Tasks 🚀👩💻👨💻¶
The PANTHER Challenge focuses on pancreatic tumor segmentation across two key tasks, addressing both diagnostic imaging and treatment planning. Participants will develop AI models capable of automatically segmenting pancreatic tumors.
▶️ Task 1: Pancreatic Tumor Segmentation on Diagnostic MRIs¶
Accurate tumor segmentation on T1-weighted contrast-enhanced arterial phase MRIs is essential for staging and treatment planning, as this sequence typically provides the best tumor visibility. AI models developed for this task should segment the tumor, supporting consistent and efficient radiological assessments.
- Dataset: 92 annotated cases, plus 367 unannotated MRIs from various sequences (e.g. venous phase, DWI).
- Objective: Develop models that segment tumors effectively. While using the unlabeled data is optional, it may be beneficial for self-supervised learning, pretraining, or semi-supervised approaches to improve segmentation performance.
Figure 1: Examples from Task 1 MRI scans, with tumor segmentations highlighted in red
▶️ Task 2: Pancreatic Tumor Segmentation on MR-Linac MRIs¶
Precise segmentation on MR-Linac images is critical for adaptive radiotherapy planning, where real-time adjustments are needed during treatment. This task poses a few-shot learning challenge, requiring models to generalize from a limited dataset.
- Dataset: 50 annotated MR-Linac cases.
- Objective: Develop robust models capable of transfer learning and domain adaptation to achieve accurate segmentation despite the small dataset size. Participants may use the diagnostic MRI dataset from Task 1 for pretraining or domain adaptation, but this is not mandatory. Additionally, given the clinical treatment setting, inference time is a critical factor. Models must deliver real-time predictions during treatment, and a maximum inference time (T_max) will be considered for evaluation.
Figure 2: Examples from Task 2 MRI scans, with tumor segmentations highlighted in green
📌 Note: Both pancreas and tumor annotations will be provided for the training dataset to help participants familiarize themselves with the organ’s anatomy and tumor locations. Participants may use these labels at their discretion, however, the expected output for evaluation is a segmentation mask with the same dimensions as the input MRI, where 0 = background and 1 = tumor.
Evaluation 📊¶
📈Performance Metrics¶
The evaluation of algorithms will be based on a combination of overlap, boundary, and volumetric metrics to ensure a comprehensive assessment of segmentation performance.
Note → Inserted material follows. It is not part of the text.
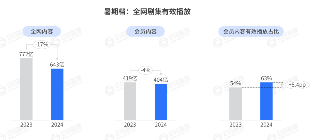 在这背后,其实能够看出平台的内容打法有所调整。比起押注不确定性更强的大爆内容,视频平台更稳妥的打法是做好垂类和腰部内容。尤其是在各平台会员机制愈发成熟的当下,激活付费用户的活跃度变得更加重要。从结果看,各平台也在今年暑期档交出不错的答卷,云合数据显示,在档期剧集有效播放量同比下滑的前提下,全网剧集会员内容的有效播放占比从去年的54%上涨至63%,会员活跃度对内容市场的影响还在进一步加深。

Emphasis will be placed on tumor segmentation metrics, reflecting the clinical importance of accurately delineating pancreatic tumors.
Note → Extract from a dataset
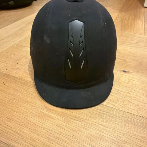 Ridehjelm i mat sort farve med skygge foran. Hjelmen har en justerbar rem under hagen og en dekorativ metalstribe på toppen. Designet til at beskytte hovedet ved ridning.

- Dice Similarity Coefficient (DSC): Measures the spatial overlap between predicted and ground truth segmentations for both the pancreas and tumor.
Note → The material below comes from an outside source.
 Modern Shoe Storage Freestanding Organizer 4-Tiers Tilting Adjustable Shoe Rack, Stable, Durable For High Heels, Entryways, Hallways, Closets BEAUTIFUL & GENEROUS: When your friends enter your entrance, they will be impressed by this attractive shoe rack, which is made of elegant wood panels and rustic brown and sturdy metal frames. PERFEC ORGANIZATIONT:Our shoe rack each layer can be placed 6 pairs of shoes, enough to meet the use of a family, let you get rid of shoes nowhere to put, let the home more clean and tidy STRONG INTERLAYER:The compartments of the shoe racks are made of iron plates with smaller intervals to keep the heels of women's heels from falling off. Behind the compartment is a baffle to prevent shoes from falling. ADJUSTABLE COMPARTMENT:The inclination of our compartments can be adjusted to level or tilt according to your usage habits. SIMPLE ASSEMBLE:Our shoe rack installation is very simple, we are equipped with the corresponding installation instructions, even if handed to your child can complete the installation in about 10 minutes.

- 5mm Surface Dice: Evaluates boundary accuracy by calculating the Dice coefficient within a 5mm tolerance around the segmentation surface.
- Mean Average Surface Distance (MASD): Measures the mean of averaged minimum distances between boundaries of predicted and ground truth segmentations.
- Hausdorff Distance 95% (HD95): Captures the 95th percentile of the maximum boundary distances between the predicted and ground truth segmentations.
- Root Mean Square Error (RMSE) on Tumor Burden: Quantifies the error in tumor volume estimation.
To assess your predictions locally using PANTHER's performance metrics, please run the evaluation script available here.
🏅 Ranking¶
To rank team performance for each task, each submitted algorithm is evaluated on every test case in the evaluation set by computing individual metric values. These values are then averaged across all test cases to yield a single score per metric. Teams receive a ranking for each metric, and their overall ranking is determined by averaging these positions. The winner for each task is the team with the best average ranking.